La diagnosi è facile e si basa sulla presenza di alti livelli di VIP in associazione a diarrea di almeno 1l al
giorno.
I VIPomi sono essenzialmente tumori pancreatici: a differenza di altri, però, possono raggiungere dimensioni
notevoli prima di essere clinicamente evidenti. Sono in genere abbastanza maligni, e al momento della
diagnosi hanno già dato metastasi nel 60% dei casi.
La terapia è l’escissione chirurgica, ma non sempre questa è possibile per la presenza di metastasi. Esistono
farmaci anti secretori, come il prednisolone, e l’octreotide. Nei pazienti con metastasi la miglior cosa è la
chemioterapia con streptozocina e fluoro-uracile.
Glucagoma
Serie di tumori che secernono diversi peptidi, ma che hanno in comune la produzione di glucagone. Unici, di
grandi dimensione e a lenta crescita, più del 75% di questi tumori ha già metastatizzato, al fegato o alle ossa,
al momento della diagnosi. In alcuni casi sono associati alla MEN1.
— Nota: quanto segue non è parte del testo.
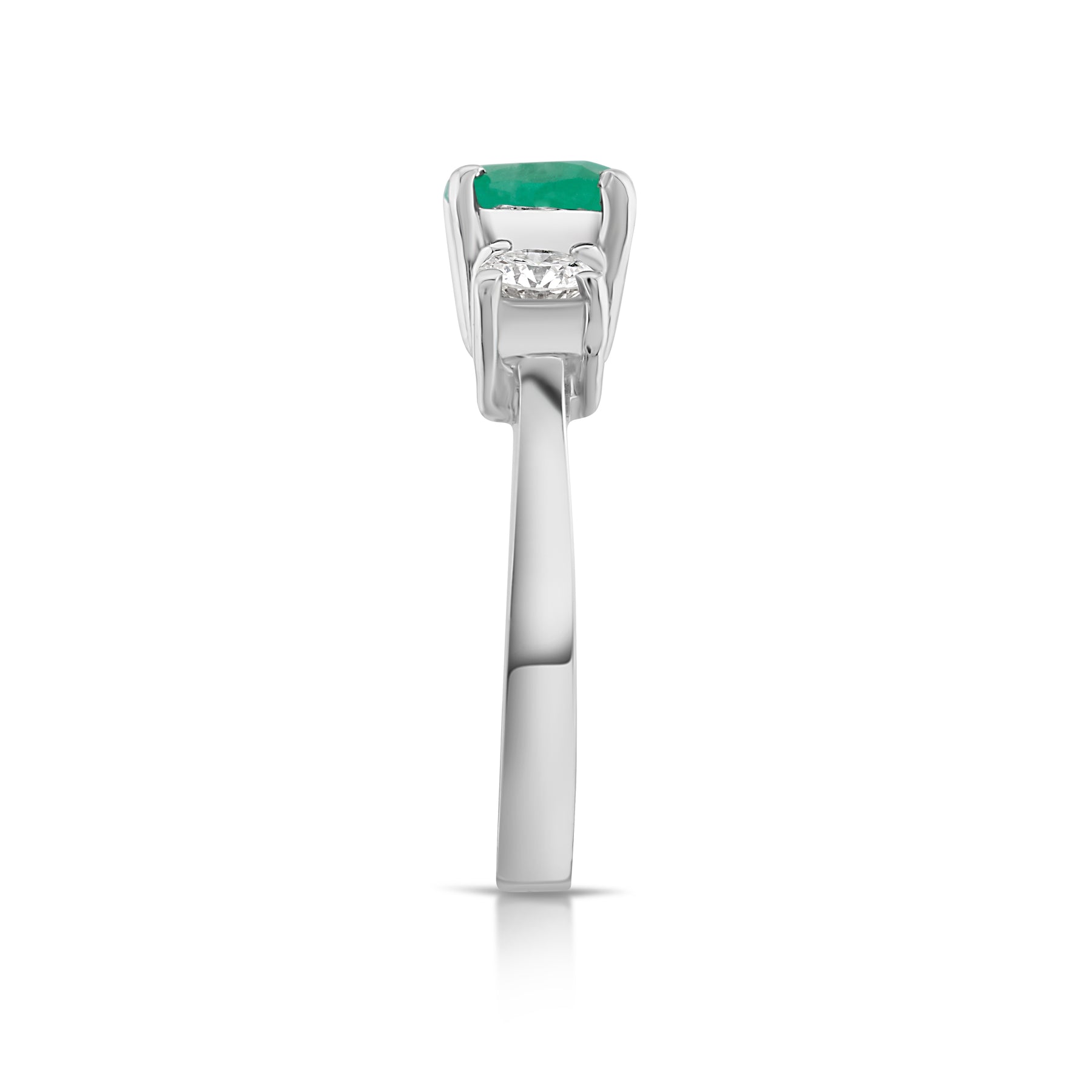 A poetic union of timeless elegance and vivid allure, this three-stone masterpiece captures the luminous contrast between pure white brilliance and the lush green heart of an emerald. Designed for the woman whose love story is eternal, it radiates harmony, devotion, and refined grace.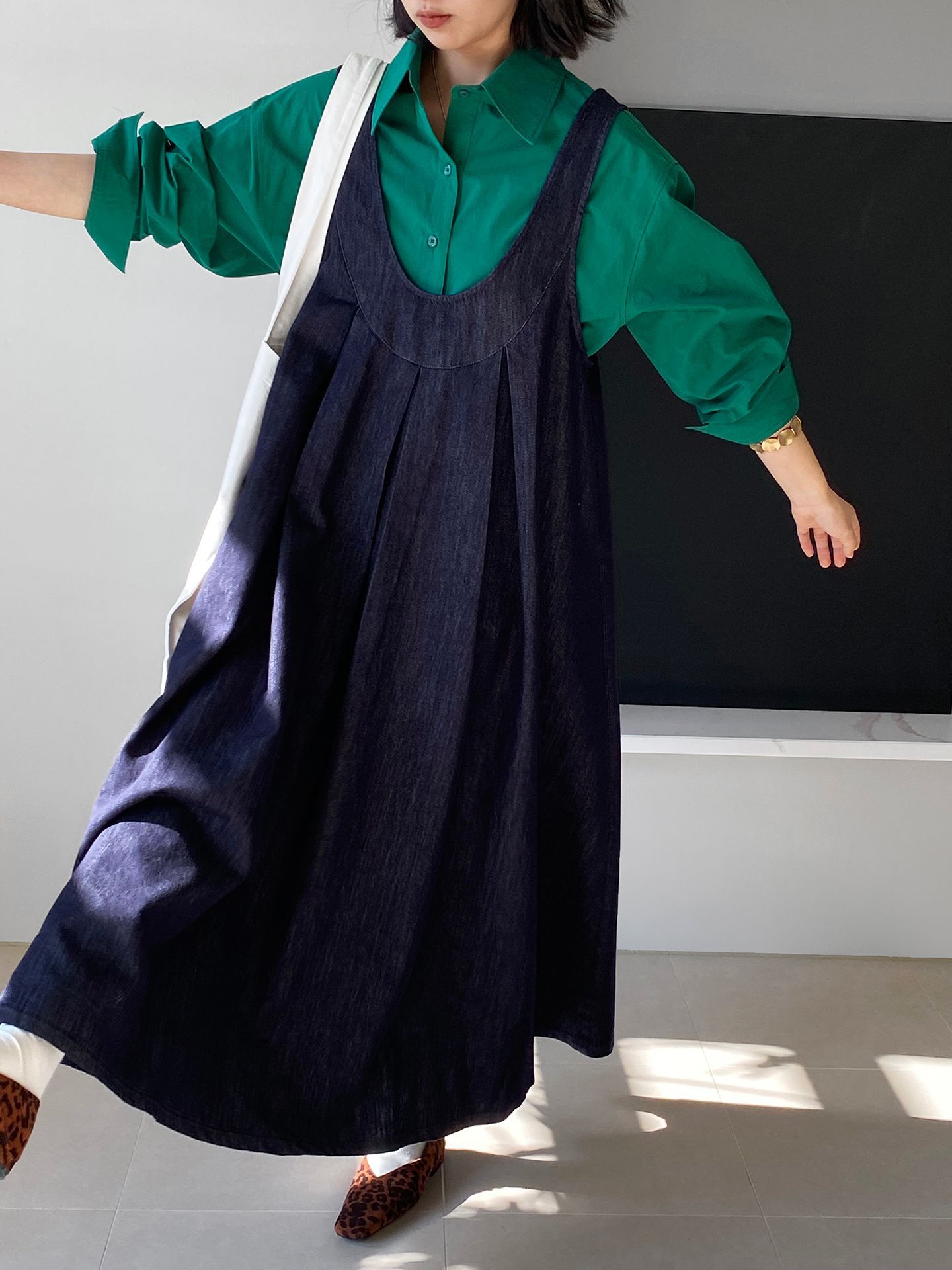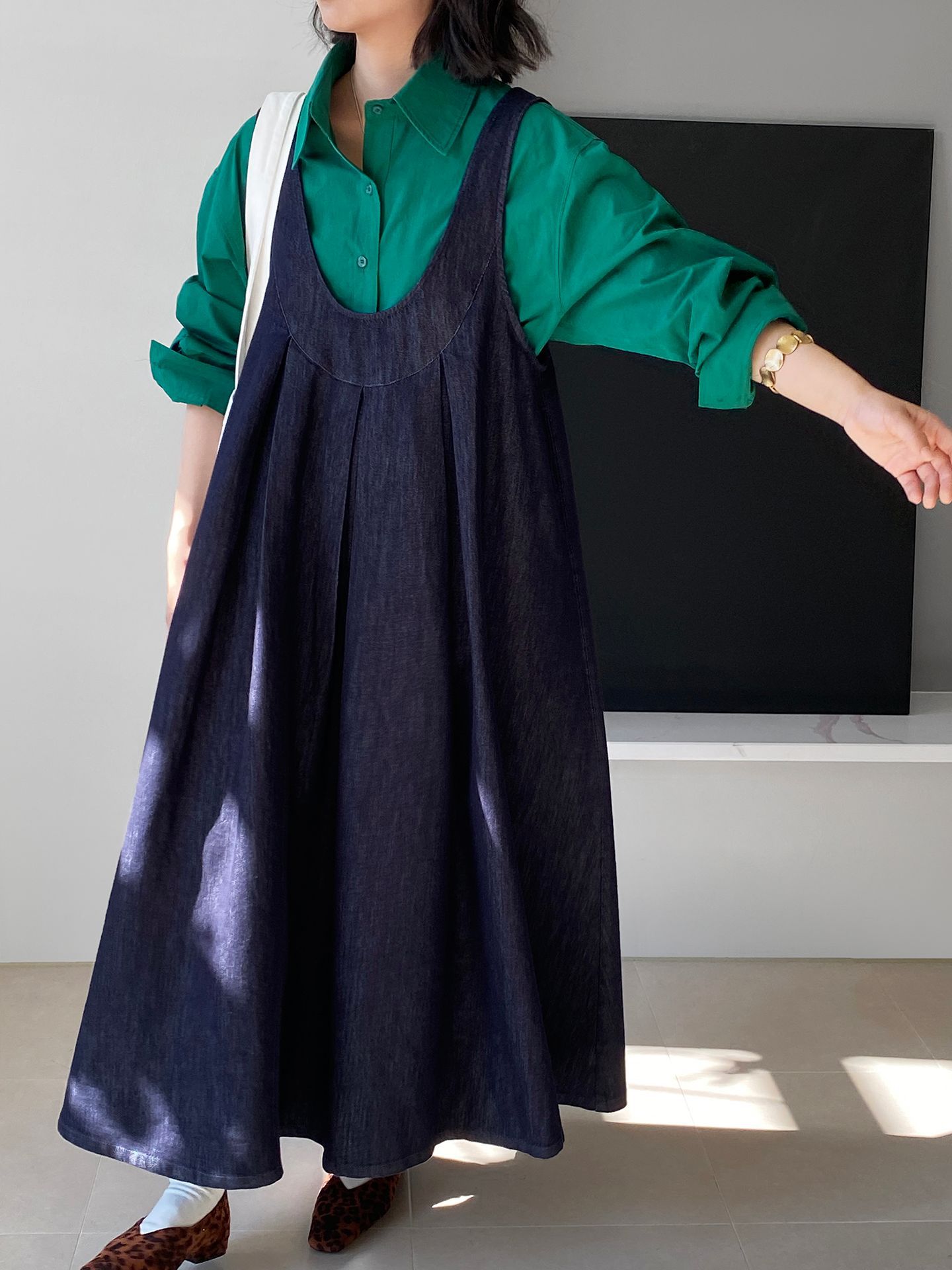 【ワンピース】レトロ Uネック デニム ワンピース 【JZシリーズ】

Livelli di glucagone sopra ai 1000 ng/l sono indicativi, livelli più bassi possono essere associati al diabete ed
altre patologie del fegato.
Le alterazioni metaboliche nel catabolismo degli aminoacidi e nella produzione di glucosio producono
iperglicemia, diminuzione della concentrazione di aminoacidi anche del 25%, e ipocolesterolemia.
Una manifestazione caratteristica è un rash cutaneo migrante, a caratteristiche variabili da bolloso a
psoriasico a crostoso. Il diabete è di solito modesto e non si associa a chetoacidosi.
La terapia radicale chirurgica è risolutiva solo nel 30% dei casi: nonostante le dimensioni, infatti, non danno
sintomi importanti per molto tempo. La chemioembolizzazione dell’arteria epatica e l’alcolizzazione danno
risultati buoni, molto meglio della chemioterapia.
La lenta crescita comunque permette una lunga sopravvivenza anche di quei pazienti che hanno già
metastasi.
Somatostatinoma
Ultimai identificati nel campo dei tumori pancreatici, queste malattie hanno caratteristicamente una triade
sintomatologica:
• Diabete mellito (probabilmente per la secrezione di altri peptidi)
• Colelitiasi
• Steatorrea (inibizione della secrezione pancreatica)
La sede primaria è il pancreas, seguita dall’intestino tenue, in cui si manifesta però una sintomatologia più
modesta.
In genere sono unici, voluminosi e metastatici al momento della diagnosi. Molti tumori secernono
somatostatina; le associazioni più comuni di somatostatinoma sono con la MEN-2.